- **Exercise description**
Only the stretch of the listing below that runs from the line with "在奠基典礼前,邓小平听完工程" through the line with "Elau SM-100/40/050/P0/45/S1/B0 PacDrive" is to be printed, exactly and with both ends.

- **Data for this exercise**
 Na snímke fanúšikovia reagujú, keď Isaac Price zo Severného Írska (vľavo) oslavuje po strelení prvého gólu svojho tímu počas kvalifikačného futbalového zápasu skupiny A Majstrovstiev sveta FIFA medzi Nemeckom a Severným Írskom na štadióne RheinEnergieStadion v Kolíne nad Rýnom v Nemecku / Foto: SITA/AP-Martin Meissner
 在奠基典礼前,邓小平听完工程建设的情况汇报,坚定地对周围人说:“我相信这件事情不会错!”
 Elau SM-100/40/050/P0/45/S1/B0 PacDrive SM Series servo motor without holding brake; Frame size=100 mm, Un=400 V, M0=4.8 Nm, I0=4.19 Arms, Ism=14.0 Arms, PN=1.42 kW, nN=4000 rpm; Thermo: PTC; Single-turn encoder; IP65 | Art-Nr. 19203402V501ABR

--

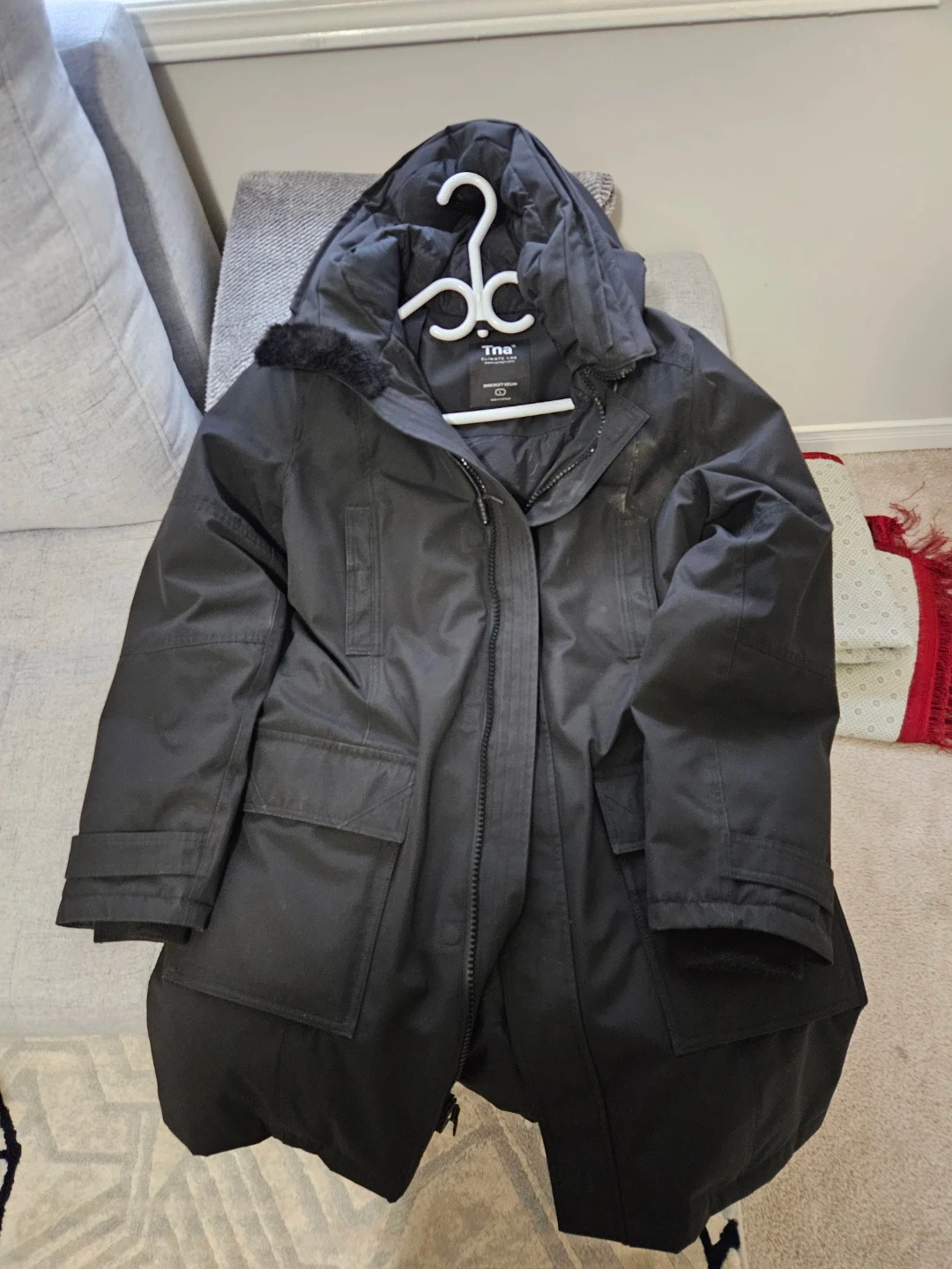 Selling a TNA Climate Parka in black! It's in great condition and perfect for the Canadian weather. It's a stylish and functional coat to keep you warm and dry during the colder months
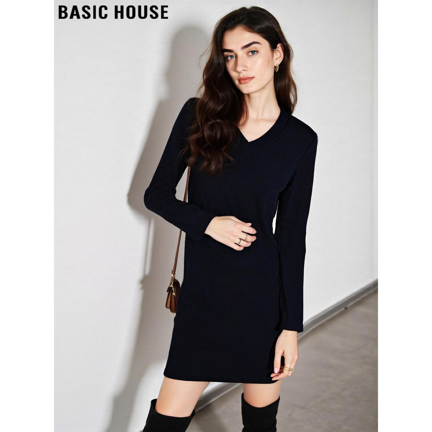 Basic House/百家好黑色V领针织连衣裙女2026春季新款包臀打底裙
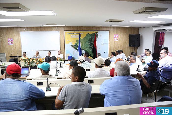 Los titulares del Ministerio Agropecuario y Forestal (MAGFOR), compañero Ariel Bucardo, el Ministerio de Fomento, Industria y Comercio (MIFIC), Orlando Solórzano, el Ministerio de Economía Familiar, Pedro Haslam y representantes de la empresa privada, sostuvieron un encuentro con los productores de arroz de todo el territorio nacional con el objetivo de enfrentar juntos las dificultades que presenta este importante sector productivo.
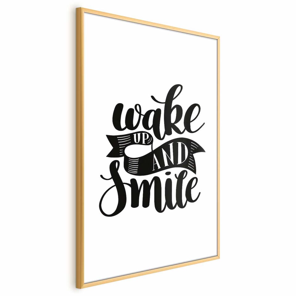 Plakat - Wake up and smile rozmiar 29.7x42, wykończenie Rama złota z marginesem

- **Solution**
 在奠基典礼前,邓小平听完工程建设的情况汇报,坚定地对周围人说:“我相信这件事情不会错!”
 Elau SM-100/40/050/P0/45/S1/B0 PacDrive SM Series servo motor without holding brake; Frame size=100 mm, Un=400 V, M0=4.8 Nm, I0=4.19 Arms, Ism=14.0 Arms, PN=1.42 kW, nN=4000 rpm; Thermo: PTC; Single-turn encoder; IP65 | Art-Nr. 19203402V501ABR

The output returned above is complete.